Combining extreme conditions of low temperature, high pressure, and magnetic field is crucial for numerous systems where the coupling between the electronic, magnetic and lattice degrees of freedom gives rise to fascinating properties, both from a fundamental and applications oriented point of view. Studies under pressure and static magnetic field are limited by the maximum fields available (about 35T in France today). Pulsed magnets can reach much higher fields, the world record is around 100T, but measurements under pressure in pulsed fields are a big challenge, and so far are not routinely available. In collaboration with the CNRS LNCMI Toulouse. We have explored a novel approach, and a successful prototype has been built and used to measure magnetoresistance in pulsed fields up to 60 T, pressure up to 5 GPa, and temperatures down to 1.5 K. This prototype will allow the candidate to quickly learn the technique and perform tests and measurements. A large part of the task will be to implement and test improvements, with the aim to achieve lower temperatures, higher pressures, and higher fields, but also create a reliable and easy to use device. In collaboration with the CEA/DAM/DIF Laboratory, we will also test a miniature diamond anvil cell in pulsed field, opening the prospects of much higher pressures.

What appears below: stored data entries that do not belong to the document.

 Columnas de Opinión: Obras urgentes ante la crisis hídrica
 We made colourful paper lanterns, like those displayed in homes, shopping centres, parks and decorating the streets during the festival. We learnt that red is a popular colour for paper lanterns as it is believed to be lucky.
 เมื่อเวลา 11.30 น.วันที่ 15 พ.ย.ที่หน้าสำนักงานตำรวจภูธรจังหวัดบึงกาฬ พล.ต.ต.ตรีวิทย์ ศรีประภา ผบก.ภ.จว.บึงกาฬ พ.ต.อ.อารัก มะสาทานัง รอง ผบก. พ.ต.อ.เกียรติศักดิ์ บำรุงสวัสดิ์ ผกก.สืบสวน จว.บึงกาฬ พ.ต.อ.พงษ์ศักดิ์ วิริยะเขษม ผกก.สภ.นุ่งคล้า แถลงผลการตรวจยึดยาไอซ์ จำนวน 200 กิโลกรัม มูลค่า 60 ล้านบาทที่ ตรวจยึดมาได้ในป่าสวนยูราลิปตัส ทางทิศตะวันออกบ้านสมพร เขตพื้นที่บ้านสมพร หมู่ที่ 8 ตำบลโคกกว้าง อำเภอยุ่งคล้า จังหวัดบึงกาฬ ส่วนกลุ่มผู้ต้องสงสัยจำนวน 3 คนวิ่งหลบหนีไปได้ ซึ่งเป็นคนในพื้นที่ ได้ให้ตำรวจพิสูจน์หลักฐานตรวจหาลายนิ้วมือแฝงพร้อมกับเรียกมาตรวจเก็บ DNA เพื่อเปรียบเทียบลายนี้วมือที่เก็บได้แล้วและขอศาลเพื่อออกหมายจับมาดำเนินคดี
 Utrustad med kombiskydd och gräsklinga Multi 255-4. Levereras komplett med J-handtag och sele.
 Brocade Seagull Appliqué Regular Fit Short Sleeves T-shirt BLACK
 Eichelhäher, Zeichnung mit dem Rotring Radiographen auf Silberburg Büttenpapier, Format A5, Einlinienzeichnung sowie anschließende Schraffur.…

These novel measurements will be valuable in a wide range of domains. From the outset we will combine tests of the new developments with measurements on samples of physical interest. The choice of which studies to undertake will be made with the candidate: Topics that are of interest include magnetism of strongly correlated systems, high-Tc superconductivity, correlation driven insulators (Mott or Kondo), and topological systems.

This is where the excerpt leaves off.